The silent man was an U.N.C.L.E. agent in London. Section I (Communications and Security). The man driving the car was Napoleon Solo—re-armed and anxious to find Maxine Trent and her men.
FIVE
FIVE MILES from the ancient cathedral town of Salisbury, the magnificent spire of the cathedral itself out of sight to the north, the black car slowed to ha halt five hundred yards down a country lane from a big, gothic house. Behind the wheel, Solo looked at the silent house through his infra-red binoculars.
What he saw made him slide silently from his car and fade quickly into the thick hedgerow that bordered the country land. They were there. Two black cars and at least seven Thrush men, wearing their black uniforms and carrying ugly rifles with heavy, round infrared night scopes.
Cautiously Solo moved closer. They, the Thrush men, were deployed around the old house. The house itself was dark and silent. Solo looked for Maxine Trent. He finally located her standing with two Thrush chief guards near one of the two cars. They appeared to be planning their attack.
Solo edged closer, his U.N.C.L.E. Special ready, but cautious because there were too many of them. They seemed ready to move. One of the two chief guards of Thrush stepped forward from the shelter of the car toward where his men waited. He took two steps—and stopped.
High on the third floor of the gothic house, on a small balcony, there was sudden flash and a great red glow seemed to bathe the facade of the house in eerie red light. The Thrush attackers stared upward.
The night was as bright as day with the red glow.
On the small balcony there was a puff of blue smoke.
A man stood on the balcony.
Solo recognized the satanic face of Morlock The Great.
The midget-like figure with the oversized head stood high on the balcony and laughed down at the gaping Thrush men.
The Thrush leader stared upward.
For a long minute nothing moved, nothing happened but the weird laughter of the midget bathed in the red glow. Then Maxine Trent shouted.
"There he is! Take him alive!"
As if galvanized by an electric shock, the Thrush men leaped up and ran toward the house. They did not hesitate a second the command of their superior far more powerful to them than any fear. They ran up the steps of the old house—and fell in a hail of withering fire.

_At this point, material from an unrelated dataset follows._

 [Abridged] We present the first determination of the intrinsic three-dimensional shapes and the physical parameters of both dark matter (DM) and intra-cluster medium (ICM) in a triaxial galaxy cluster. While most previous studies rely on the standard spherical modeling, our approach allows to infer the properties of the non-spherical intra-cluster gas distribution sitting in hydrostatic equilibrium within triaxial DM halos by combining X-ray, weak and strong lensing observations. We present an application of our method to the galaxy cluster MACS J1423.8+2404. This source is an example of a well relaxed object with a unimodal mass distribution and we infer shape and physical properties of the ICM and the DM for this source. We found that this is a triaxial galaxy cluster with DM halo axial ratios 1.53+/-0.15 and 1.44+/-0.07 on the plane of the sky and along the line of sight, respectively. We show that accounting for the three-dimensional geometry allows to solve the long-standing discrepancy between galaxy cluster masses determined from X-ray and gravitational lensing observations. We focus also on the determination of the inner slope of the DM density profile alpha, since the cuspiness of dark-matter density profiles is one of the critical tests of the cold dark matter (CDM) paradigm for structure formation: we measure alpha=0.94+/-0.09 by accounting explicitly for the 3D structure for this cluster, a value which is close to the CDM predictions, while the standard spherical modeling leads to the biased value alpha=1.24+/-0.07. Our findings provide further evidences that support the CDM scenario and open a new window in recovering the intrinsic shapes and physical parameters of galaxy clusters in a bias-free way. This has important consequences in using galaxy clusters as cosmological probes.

The Thrush men screamed. The red glow went out on the balcony above. In the dark the Thrush men stumbled across the porch and into the house. Inside there was more fire and more screaming in pain.
Solo watched as a Thrush man ran back out onto the steps of the old house.

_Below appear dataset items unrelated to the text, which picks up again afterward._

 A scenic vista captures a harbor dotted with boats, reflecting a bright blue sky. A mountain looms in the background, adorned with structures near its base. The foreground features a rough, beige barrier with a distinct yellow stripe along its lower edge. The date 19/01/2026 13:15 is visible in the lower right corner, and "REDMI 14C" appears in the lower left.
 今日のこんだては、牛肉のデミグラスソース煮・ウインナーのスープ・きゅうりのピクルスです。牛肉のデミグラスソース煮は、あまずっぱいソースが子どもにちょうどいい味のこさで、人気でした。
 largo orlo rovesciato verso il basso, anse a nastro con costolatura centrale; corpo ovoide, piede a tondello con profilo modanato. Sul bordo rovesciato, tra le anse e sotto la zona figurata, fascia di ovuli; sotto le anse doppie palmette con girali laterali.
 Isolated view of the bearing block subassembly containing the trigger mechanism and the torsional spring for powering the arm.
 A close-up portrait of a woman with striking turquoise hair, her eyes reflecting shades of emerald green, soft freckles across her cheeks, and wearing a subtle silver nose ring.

"Empty! The place is empty!"
"Someone fired at us!" a Thrush leader cried.
"No one! Automatic fire. Booby trap!"
Solo saw the flash of blue light to the left. The light flashed at a spot fifty yards from the house. A blue light bright on a small hillock. Another puff of smoke, white this time, and Morlock The Great stood on the hillock, laughing Maxine Trent cursed and shouted to her surviving men.